Monday.com considers itself an operating system (OS) for work; it's a software platform that lets companies build custom dashboards for employees to collaborate and communicate.

One could argue that most companies will want to uproot the system they run their business on to save a few dollars, especially since Monday.com's pricing is largely based on how many people use it. Yet the company has a net revenue retention rate of 115%, signaling that customers typically spend more over time instead.

And to see just how resilient Monday.com can be in a recession, look at its financials. The business had operated at near break-even free cash flow since going public, and it began growing in 2023.

The company is at the point where revenue will grow faster than expenses, resulting in rapidly increasing cash flow.

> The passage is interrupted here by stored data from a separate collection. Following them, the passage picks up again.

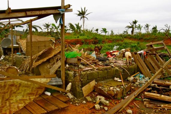 Boston, Davao Oriental, Philippines – Larisa Loreto is leaving her husband, her two young daughters, and her home, which Typhoon Bopha left in a collapsed heap along the main highway. Goats, dogs and a kitten rummage through what is left of her family’s belongings.
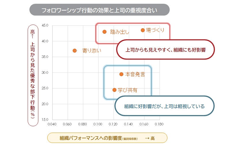 組織成果にプラスの一部フォロワーシップ行動は、上司に見過ごされやすい実態(右図)
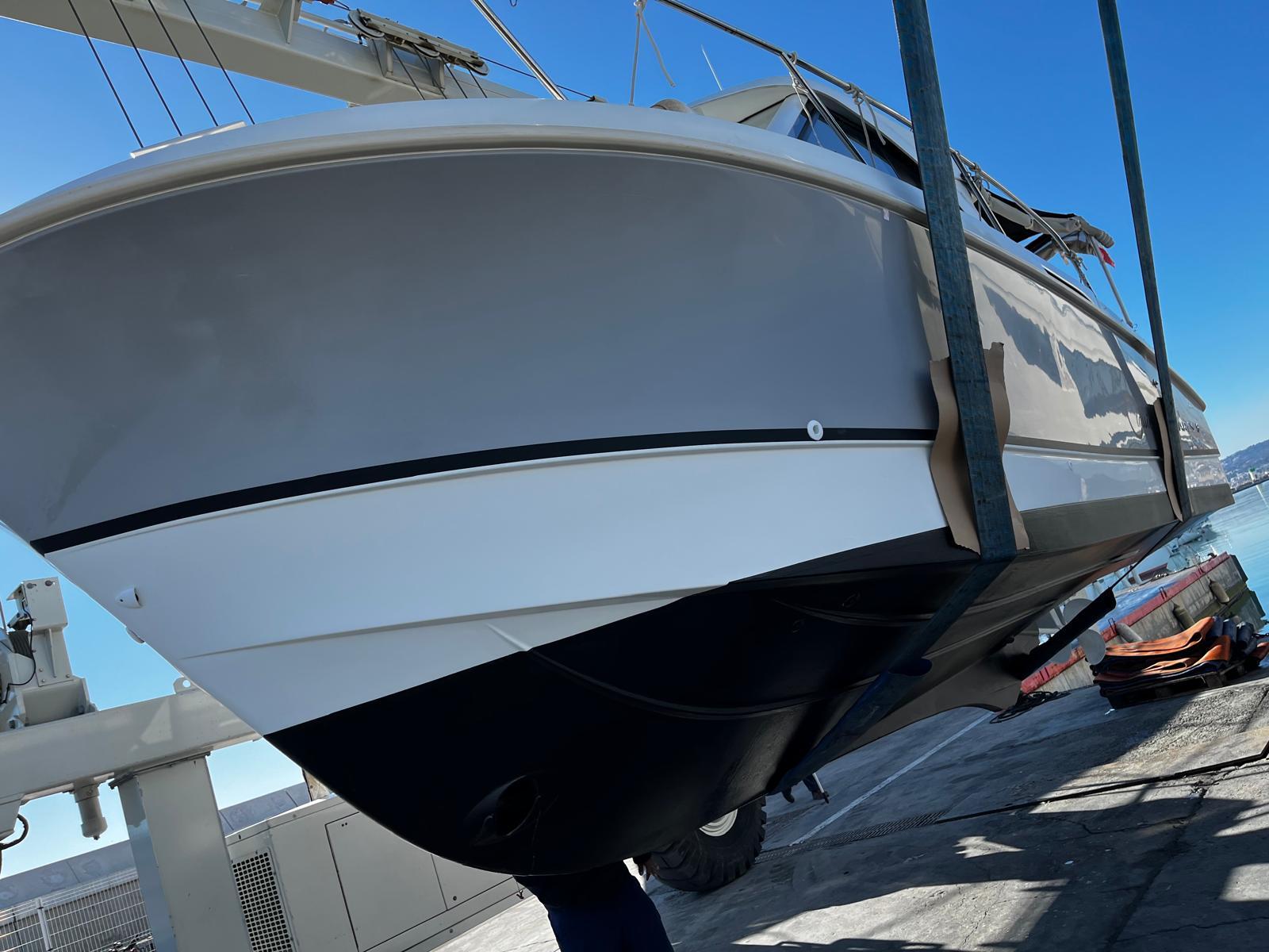 D’une longueur de 7.48 m, ce modèle 2015 est motorisé par Nanni (200 CV) .

And Monday.com has zero debt and more than $900 million in cash if the business stumbles. In other words, there is a strong financial safety net shareholders can fall back on.

MNDY Free Cash Flow Chart

MNDY Free Cash Flow data by YCharts. TTM = trailing 12 months.

Meanwhile, Monday.com is still growing; analysts believe annual revenue growth will exceed 20% through the decade's end. This is no moon-shot stock that is as likely to fail as it is to succeed. Monday.com is a business firing on all cylinders, with impressive financial strength, and the stock should grow and protect your money over the coming years.